Big Data Problems in R:

R does all it's work in memory, which is limited by a PC's RAM
Overloading R memory can lead to frequent crashing
Reading, Writing, and Querying large datasets is time consuming
Large data outputs take up server space

Big Data Solutions in R: Apache 'Arrow'

Apache Arrow is a cross-language development platform for in-memory and larger-than-memory data.

Key features:

- Reading and writing data with Arrow Parquet files

- Analyzing in-memory and larger-than-memory datasets using Arrow tables

library(arrow)

Reading and Writing Data: Arrow Parquet Files

What are Parquet files?

Parquet is a storage format designed for maximum space efficiency.

Advantages

Saves data in columnar format, which is more efficient than row-based files like CSV
Can be compressed, requiring minimal storage on the server
Can be read and written by other programs (eg.
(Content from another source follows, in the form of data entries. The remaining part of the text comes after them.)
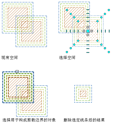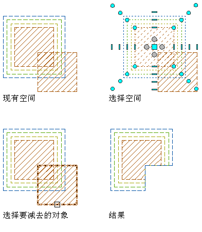 从另一个空间减去空间时,所减去空间的边界将会从第一个空间的所有边界减除。所减去空间的其他边界将会直接删除,而不会与第一个空间相交。根据第一个空间是具有样式定义的偏移还是手动偏移,孔周围的边界将根据样式偏移重新计算,或者在相交处切割。
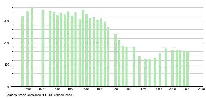 L'évolution du nombre d'habitants est connue à travers les recensements de la population effectués dans la commune depuis 1793. Pour les communes de moins de 10 000 habitants, une enquête de recensement portant sur toute la population est réalisée tous les cinq ans, les populations légales des années intermédiaires étant quant à elles estimées par interpolation ou extrapolation[20]. Pour la commune, le premier recensement exhaustif entrant dans le cadre du nouveau dispositif a été réalisé en 2005[21].
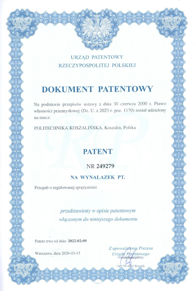 Zespół naukowców w składzie: prof. dr hab. inż. Wojciech Kacalak; dr hab. inż.; Zbigniew Budniak, prof. PK; dr inż. Monika Szada-Borzyszkowska, opatentował wynalazek pn. "Przegub o regulowanej sprężystości".
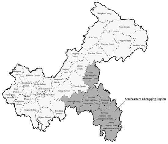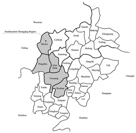 The Tujia ethnic group, one of China’s major ethnic groups with a long history, is primarily distributed in the Wuling Mountains bordering Hunan, Hubei, Chongqing, and Guizhou. In Chongqing, the Tujia people mainly reside in the southeast, including Qianjiang District and the minority autonomous counties of Shizhu, Pengshui, Youyang, and Xiushan (Figure 5 and Figure 6). This region is characterized by a high concentration of ethnic minorities and distinct ethnic features (Table 1), hosting numerous traditional ethnic villages where the Tujia population can constitute over one-third of the local populace [6]. Consequently, studying Tujia traditional dwellings in southeast Chongqing is a vital component of research on traditional dwellings in the region.
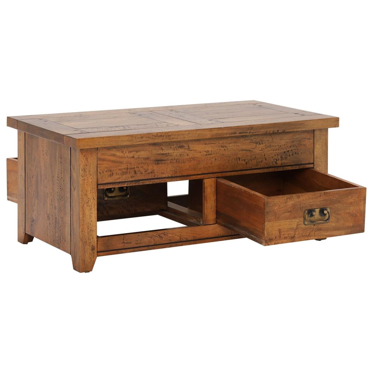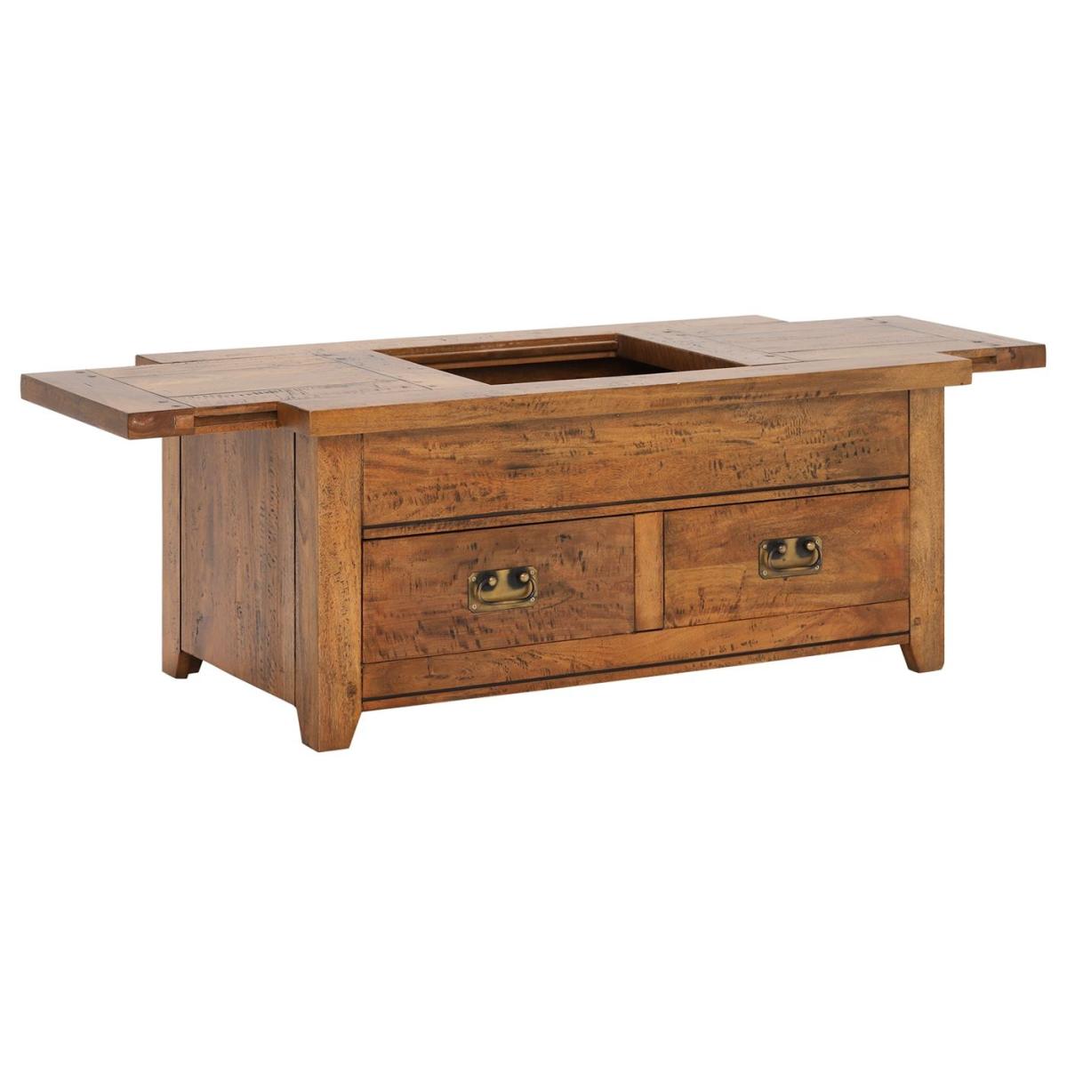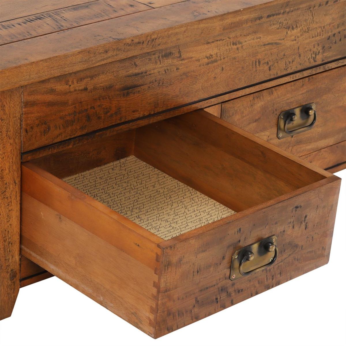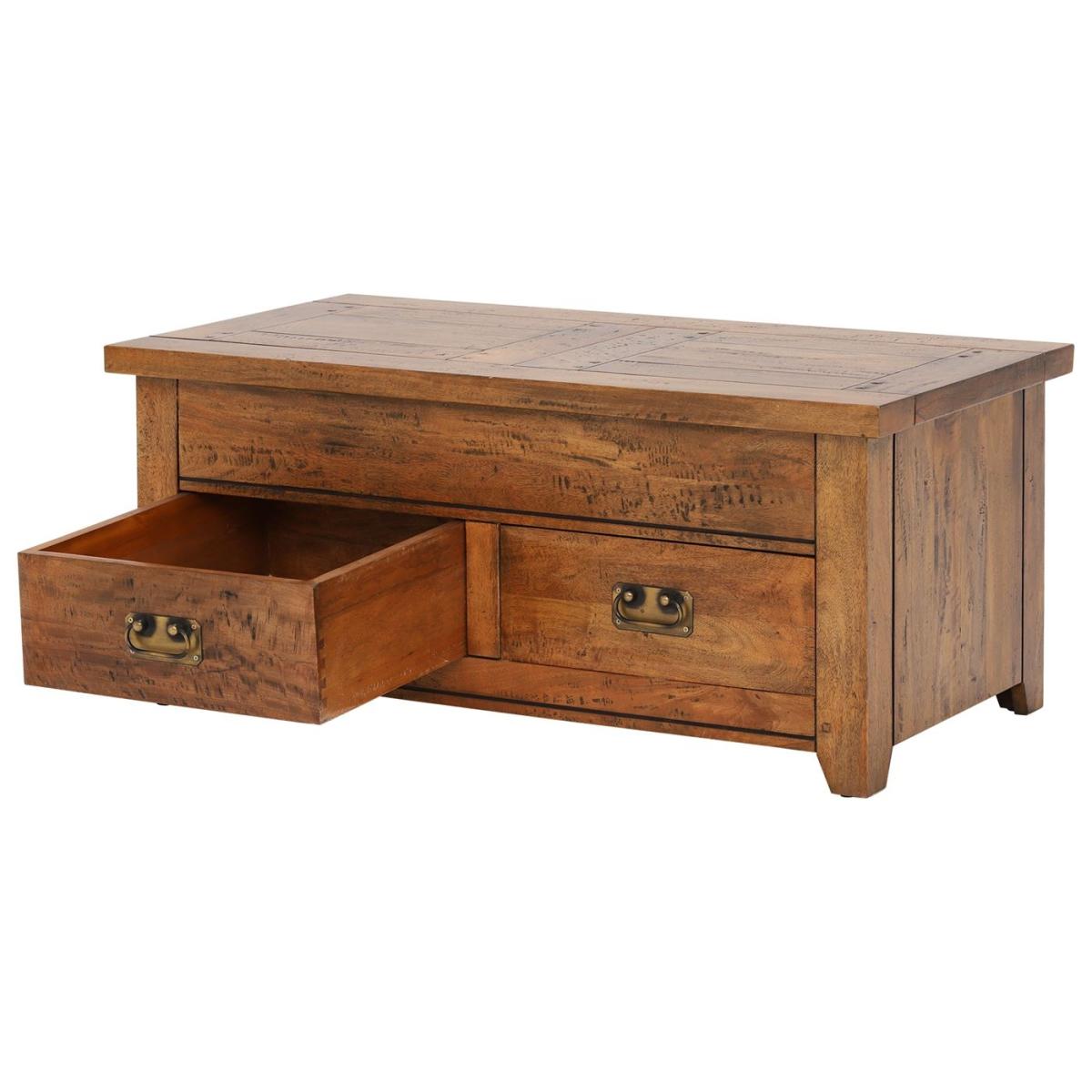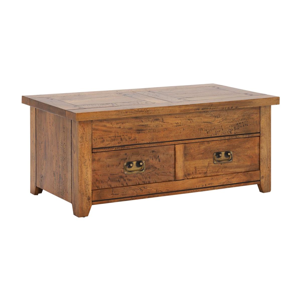 Design. This rustic Coffee table with drawers is made from mango wood which gives the piece a warm and mellow tone. This stylish occasional table has been given a cleverly distressed finish which gives this design an essentially rustic feel. With clean lines and simple detailing, the new Frontier Living Room range has a stylish and contemporary feel. The graceful elegance of this coffee table enhances the look of any room as it creates a focal point which is perfect for entertaining family and friends. Also available in the new Frontier range are Coffee Tables, lamp tables and console tables. This item is part of the Trees 4 Trees project. Read more here.

Python)

Disadvantages

Not human readable (stored in binary)
Minimal/no benefit to using this format when working with small datasets

Dummy Data for these exercises

Dimensions:

	Columns	Rows
Dummy df	31	10,000,000

Structure:

id	outcome	age	sex	surv_ha	surv_date	dx_1	dx_2	dx_4	dx_5	dx_9
1	1	62	0	4	2020-10-24	0	0	0	1	0
2	1	87	0	5	2016-06-10	0	0	0	0	1
3	1	40	1	3	2019-08-08	0	0	1	0	0
4	1	88	0	3	2015-11-01	1	1	0	0	0

Reading Data: Comparing Parquet to other methods

Example Code:

#Tidyverse CSV File
read_csv(here("a_data", "dummy_df.csv"))

#Data Table CSV File
fread(here("a_data", "dummy_df.csv"))

#RDS File
readRDS(here("a_data", "dummy_df.RDS"))

#Parquet File
read_parquet(here("a_data", "dummy_df.parquet"))

Mean Read Time:

File Type	Seconds
Tidy CSV	13.796720
DT CSV	10.459450
RDS	10.116643
Parquet	3.958514

Writing Data: Comparing Parquet to other file types

Example Code:

#Tidyverse CSV file
write_csv(df, here("a_data", "dummy_df.csv"))

#Data Table CSV file
fwrite(df, here("a_data", "dummy_df.csv"))

#RDS File
saveRDS(df, here("a_data", "dummy_df.RDS"))

#Parquet File
write_parquet(df, here("a_data", "dummy_df.parquet"))

#Compressed Parquet File
write_parquet(df, here("a_data", "dummy_df_comp.parquet"),
              compression = "gzip")

Mean Write Time:

File Type	Seconds
Tidy CSV	69.905593
DT CSV	3.558130
RDS	38.063262
Parquet	4.278639
Parquet compressed	15.035137

File Size:

Path	File Size (mb)
dummy_df.csv	742.2
dummy_df.RDS	90.7
dummy_df.parquet	95.1
dummy_df_comp.parquet	59.9

Analyzing Data: Arrow Tables

What are Arrow tables?

An Arrow table is a two-dimensional dataset with chunked arrays for columns, together with a schema providing field names.

Advantages

Requires virtually no R memory to have in the environment
Parquet files can be read into R as an Arrow table
Can be turned into a dataframe or data table at any time
Any data frame or data table can be converted to an arrow table at any time
Can query these tables prior to converting to a data frame or data table

Disadvantages

Cannot view the table without pulling it into memory
Querying is limited to equivalent code available in kernel (eg. no > or < functions)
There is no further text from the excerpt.